At the end of MTH6, results were similar to what was found in MTH4 (Fig. 5B-j, B-k, B-l, B-m). The only exception was that the ID index of cROSA clones was reduced compared with that in MTH4, and no significant differences with the ID index of cOVA clones were detected (Fig. 5B-j). The coefficient of variation (CV) of data extracted from ID index for each locus at the end of MTH4 and MTH6 was compared to evaluate the homogeneity of expression of the transgene (Additional file 15A-d, B-d, C-d). Among all loci, the cHIPP locus supported the homogenous expression of the knocked-in transgene more than the other loci. Although data showed that the cROSA locus can support the long-term and stable transgene expression better than the cOVA locus, CV values for both loci increased over time, indicating the heterogeneity in the expression of the transgene (Additional file 15A-d, B-d, C-d).

To determine whether isolated isogenous cell clones harbor mono-copy or multi-copies of the EGFP transgene in the genome, a standard curve was plotted using a serial dilution of the mix containing EGFP plasmid and the haploid equivalent of chicken genomic DNA (ratio 1:1).

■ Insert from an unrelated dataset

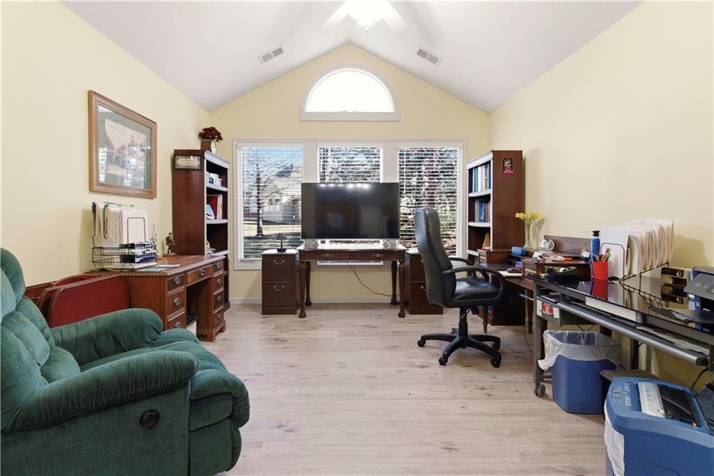 BEAUTIFULLY MAINTAINED AND MOVE IN READY RANCH HOME IN THE HIGHLY SOUGHT AFTER ST JAMES COURT, A DESIRABLE MAINTENANCE-PROVIDED COMMUNITY! This impeccably kept residence offers convenient one-level living with 2 bedrooms, 2 bathrooms, and a 2-car garage. The open floor plan features a spacious living room with vaulted ceilings, a cozy fireplace, and hardwood floors. Large windows flood the home with natural light and highlight views of the tree-lined lot, offering a peaceful setting with exceptional privacy. One of the standout features of this home is the fully finished sunroom, thoughtfully updated to create the perfect space for year-round enjoyment. Whether used as a morning coffee retreat, reading nook, office or hobby space, or additional entertaining area, this bright and inviting room adds both versatility and valuable living space. The vaulted owner’s suite offers a relaxing escape with a double vanity, separate shower and soaking tub, and a generous walk-in closet. Located in the award-winning Blue Valley School District, residents enjoy maintenance-free living with access to a neighborhood pool and scenic walking trails. Whether you’re looking to downsize, simplify, or enjoy carefree living, this home offers the perfect blend of comfort, lifestyle, and location. Schedule your private showing today—homes like this don’t last long!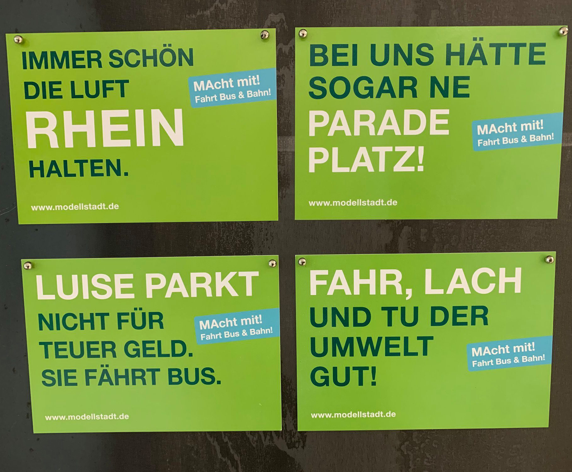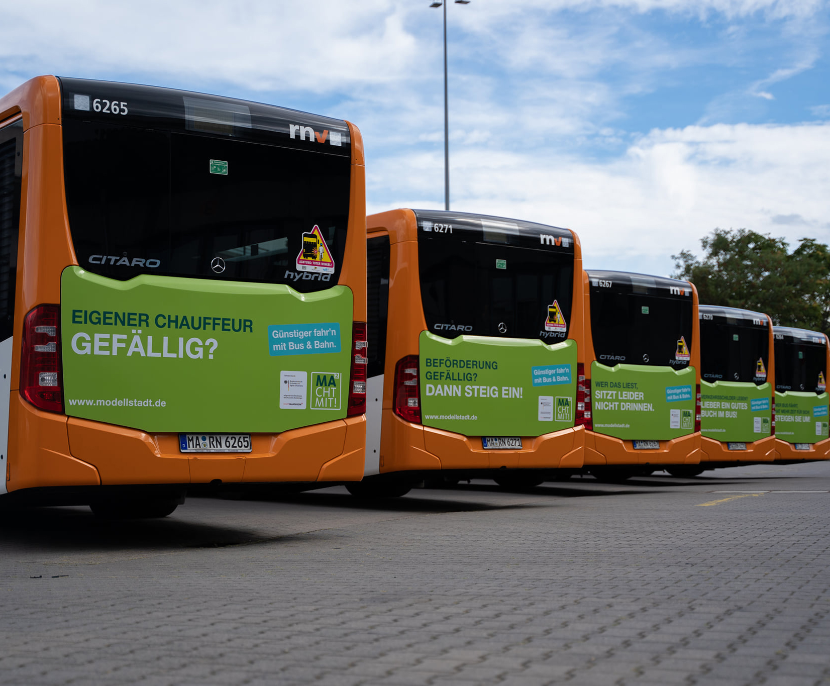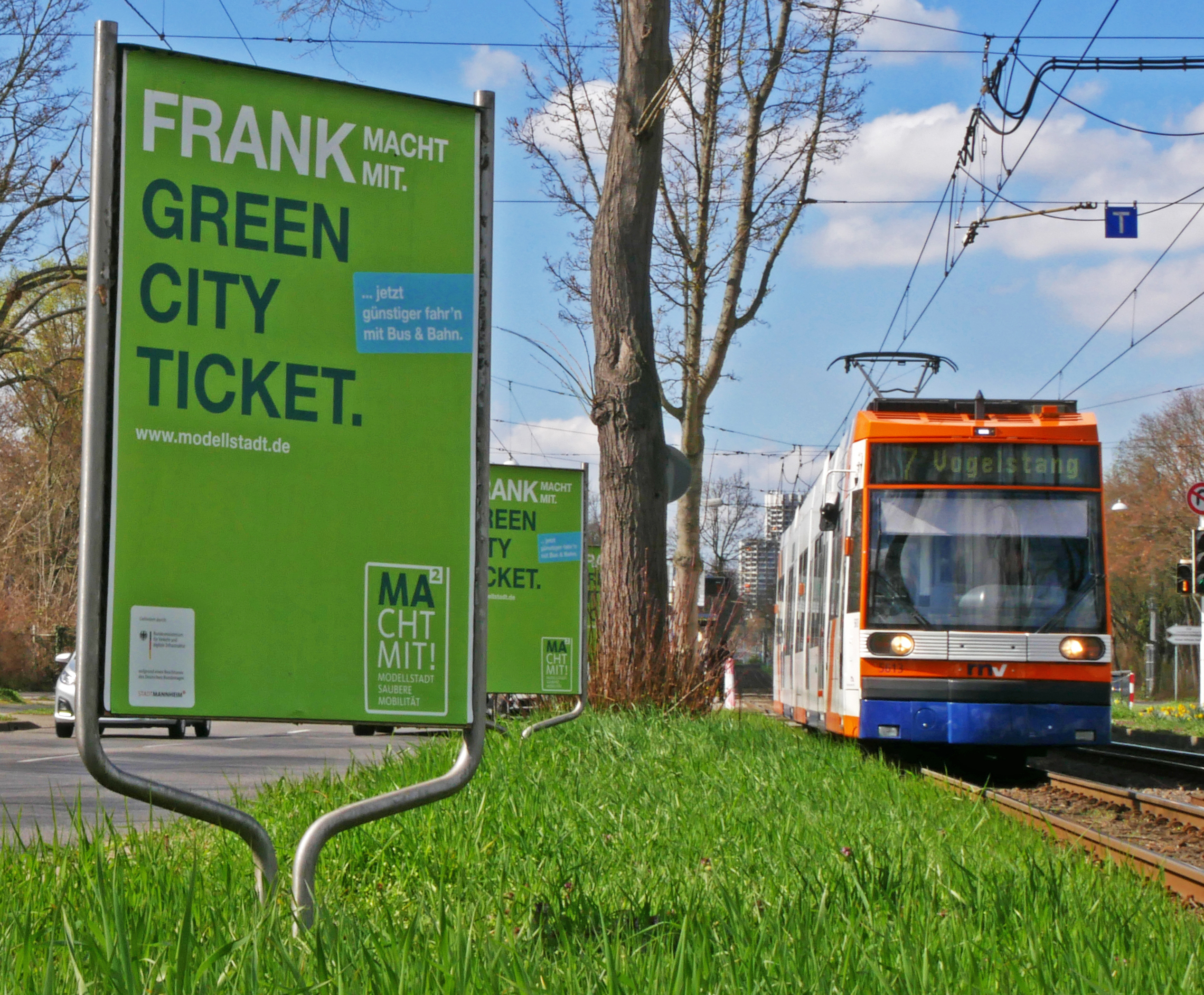 Mannheim ist die Wiege von Fahrrad und Automobil. Aber die Stadt will auch die Zukunft der Mobilität prägen. Als eine von bundesweit fünf Modellstädten treibt Mannheim die Mobilitätswende voran und wird verbessert mit neuen Ideen nachhaltig die Luftqualität. Die Idee zur begleitenden, integrierten Aufklärungs- und Motivations-Kampagne stammt von uns.

Ct values of isogenous cell clones indicated that EGFP transgene has been integrated into the genome of isogenous cell clones in a mono-copy manner (Additional file 8E).

Altogether, these results demonstrated that consistent and sustainable expression of a transgene could be achieved using weak promoters integrated into a GSH locus. Among evaluated GSH loci, the cHIPP locus supports the consistent and homogenous expression of the transgene better than cROSA locus.